Overview
Skills
Job Details
We are seeking a Senior Data & ML Infrastructure Engineer to join our growing team focused on enabling scalable, reliable, and cost-efficient data and machine learning pipelines. This is an exciting opportunity to work at the intersection of data engineering, machine learning, and platform reliability.
In this role, you ll be designing and enhancing Python frameworks that support key components like cost tracking, data quality, lineage, governance, and MLOps. You'll work closely with cross-functional teams, including ML Engineers, Data Scientists, and Platform Engineers, to ensure seamless integration and operation of scalable batch and stream pipelines on Google Cloud Platform (Google Cloud Platform).
Key Responsibilities:
Design & enhance Python libraries to support robust data and ML operations including governance, lineage, and cost tracking.
Implement data processing optimizations to reduce cost and improve performance of large-scale ML pipelines.
Develop scalable features and training data pipelines using BigQuery, Dataflow, and Cloud Composer on Google Cloud Platform.
Build and maintain monitoring, logging, and alerting systems to ensure data pipeline reliability and visibility.
Lead infrastructure rollouts with careful planning, phased deployment strategies, validation steps, and rollback plans.
Serve as the primary point of contact for cross-team coordination during updates, deployments, and incident handling.
Work closely with ML platform teams to ensure seamless integration of enhancements and changes.

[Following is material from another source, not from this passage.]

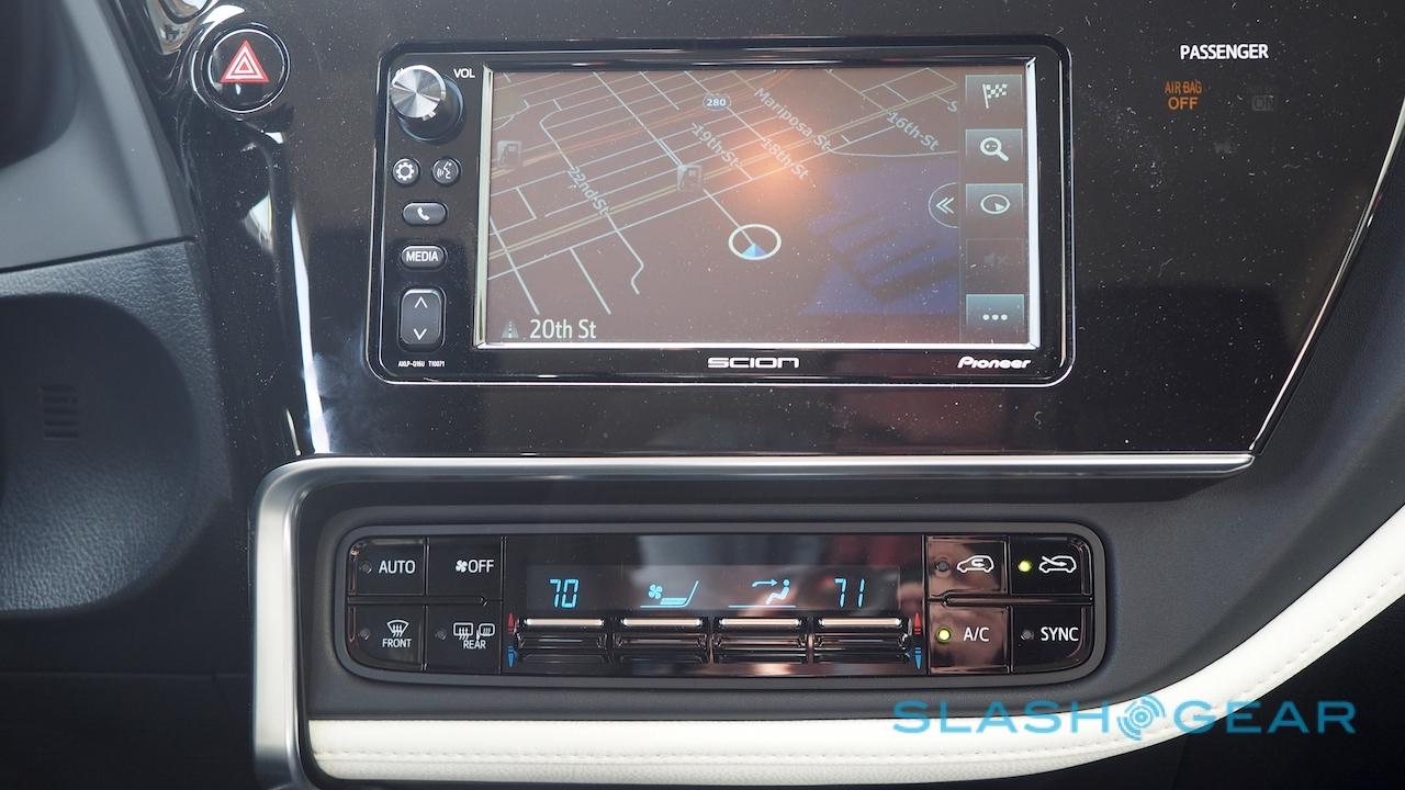 Scion is keen to play up its Mono Spec approach to the options list, and sure enough beyond adding navigation your only choices are transmission and exterior color (I'd say go for something bright, which helps highlight the sheet-metal's creases). It means you get a faux-leather steering wheel, dual-zone climate control, smartphone connectivity for the Pioneer 7-inch touchscreen head unit, eight airbags, a rearview camera, and several other creature comforts all included in the sticker price.

Create detailed runbooks, documentation, and handoffs for operational support.
Requirements:
5+ years of experience in data engineering, ML infrastructure, or related roles.

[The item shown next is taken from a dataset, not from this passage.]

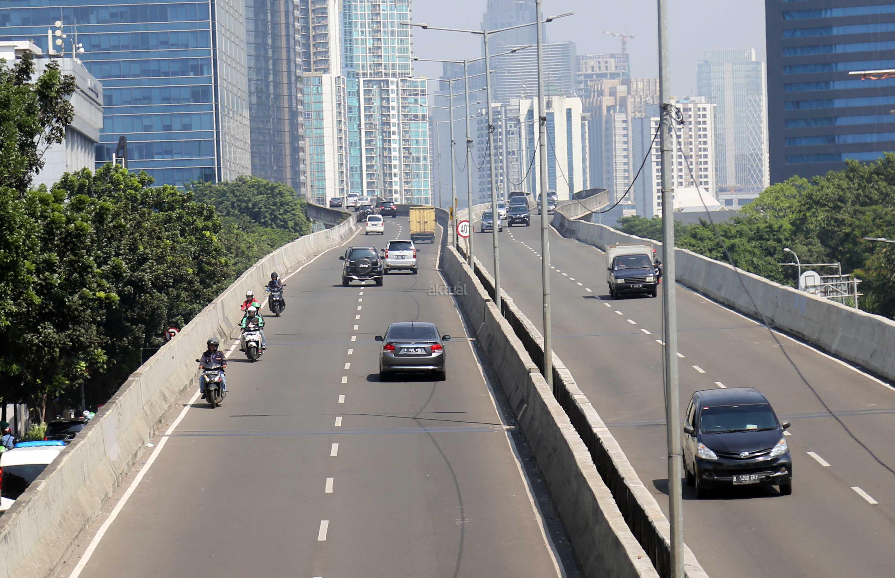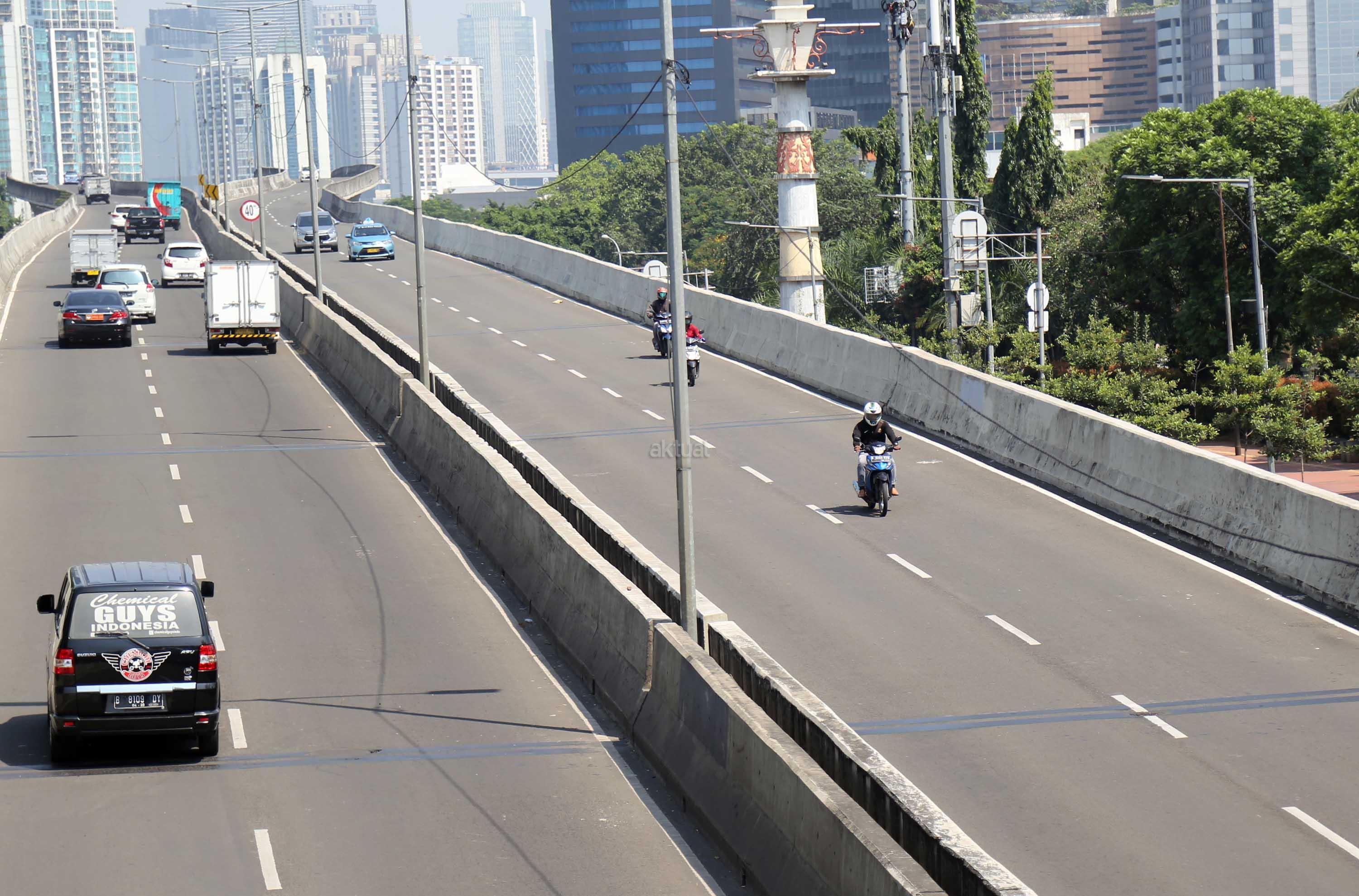 Pengendara sepeda motor yang melintasi Jalan Layang Non Tol Casablanca, Jakarta Selatan, Rabu (26/7). Razia dilakukan untuk membuat jalan layang itu steril dari para pengendara sepeda motor. AKTUAL/Tino Oktaviano

Strong proficiency in Python and experience building reusable libraries/frameworks.
Hands-on experience with BigQuery, Dataflow, and Cloud Composer.
Solid understanding of data pipeline orchestration, MLOps, and cloud-native architectures.
Experience implementing monitoring and observability for pipelines and infrastructure.
Strong communication and coordination skills, especially in cross-functional environments.
Familiarity with ML workflows and how infrastructure supports model development and deployment.
Nice to Have:
Experience with CI/CD for data pipelines
Exposure to data quality tools, lineage tracking frameworks, or ML feature stores
Google Cloud certification (e.g., Professional Data Engineer, ML Engineer)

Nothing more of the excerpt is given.